One of the most egregious is perhaps the spectacle at Sears Canada, where 59 stores are closing across the country and 2,900 workers are being laid off with no severance payments despite having dedicated decades of their working lives to the company.
There's no money, the company claims. We're in bankruptcy protection.
And yet, the executives who steered the once-mighty retailer to this point have managed to find, amid all the red ink, $9.2 million to be divvied up among 43 senior managers. The company is calling these "retention bonuses" and that denying them "would contribute to worse outcomes."
No jobs. No notice they were losing their jobs, and no severance. For the workers being told the cupboards are bare, it's difficult to imagine what a "worse outcome" might be.
"This situation happened because of mismanagement, and it should not be the workers that have to pay for that," Marinella Gonzalez, a planner at Sears for 18 years before losing her job with no severance, told Canadian Press.
We have seen this sort of corporate greed before. Last year, Postmedia gave its five top executives nearly $2.3 million in retention bonuses, even as massive cuts were being made at its newspapers across Canada.

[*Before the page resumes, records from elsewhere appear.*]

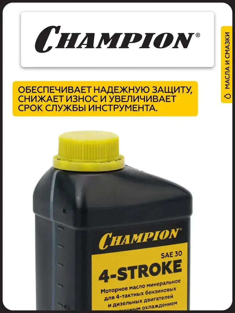 Масло минеральное CHAMPION SAE 30 API SL/CF для 4-тактных и дизельных двигателей, 1 л/ Масло для генератора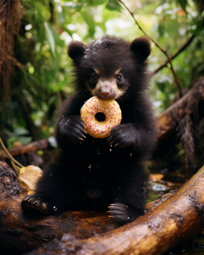 Adorable baby bear enjoying delicious pastries in Kauai jungle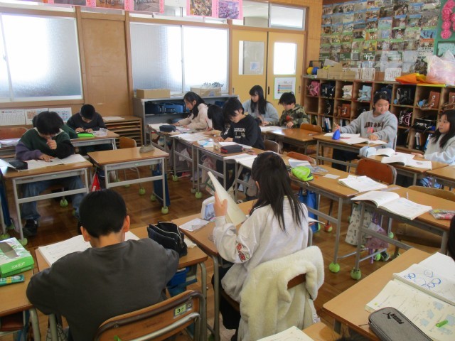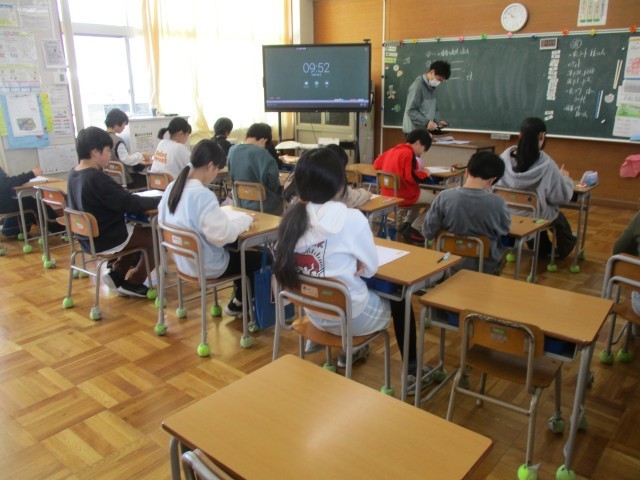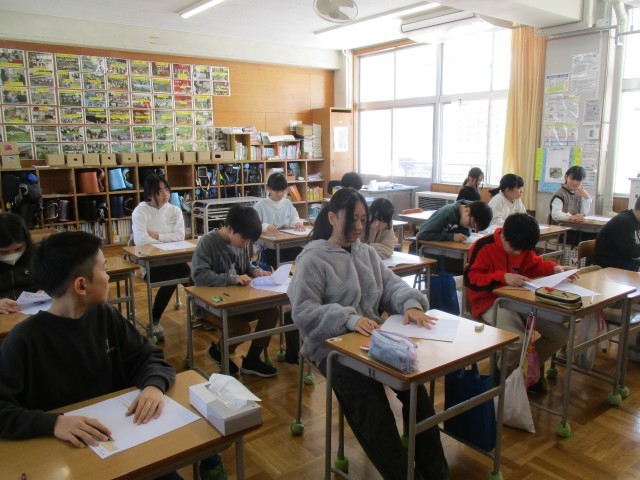 5年生は教室で国語の聞き取りテスト中です。CDから流れてくる音声をどれだけ正確に聞き取れるかな?

Within weeks, some of those executives were leaving anyway, retention bonuses in hand.
Workers at minimum wage don't spend their money on luxury foreign travel or stock options. They can't afford to.
For the workers being kicked out the doors, including some of Canada's top journalists, it was a real insult and a clear sign of disrespect by the corporate elite for the workers.
And it doesn't stop there. Loblaw chief executive and billionaire Galen Weston Jr. recently objected to plans to raise the minimum wage to $15 an hour. Weston is paid $1 million a year in base salary, plus bonuses that take him to more than $5 million a year, and is one of the wealthiest men in Canada.
He can afford to pay his workers a decent wage — wages, I would add, that would find their way back to the grocery stores and drug stores his company controls in the spending habits of his own workers.
Workers at minimum wage don't spend their money on luxury foreign travel or stock options. They can't afford to. They spend their money on the day-to-day needs of their families, things like rent and food and clothing and school supplies that keep our economy going. It is alarming that one of Canada's largest retailers doesn't get that.
Raising the minimum wage isn't a challenge for retailers, it's an opportunity.
Again, that's not the only example. Northstar Aerospace in Milton is relocating production to Chicago, but is refusing to make up a funding shortfall in its pension. For the 200 employees, that would mean a 24 per cent cut in their pensions.
Workers have dedicated their careers to building that plant and are now losing their jobs. The closure came as a surprise to the facility's 200 employees. Prior to the announcement, Northstar workers were assured that the Milton operation was on solid footing.
This company is healthy. There is no financial necessity for denying the workers the pension they negotiated and which they were promised.
What all these stories have in common is corporate greed backed up by financial laws that favour the wealthy and the corporations they run.
None of it is illegal, and that's the worst of it. We have a system that not only allows corporate greed to thrive, but encourages it. To me, it's a signal that priorities are mixed up. It is the workers who make the goods we buy, make our economy run and thrive.
Workers, the ones who don't get retention bonuses, and sometimes don't even get severance or may see their pensions cut, make up the vast majority in Canada. It is intolerable to see justice for such people denied out of corporate greed.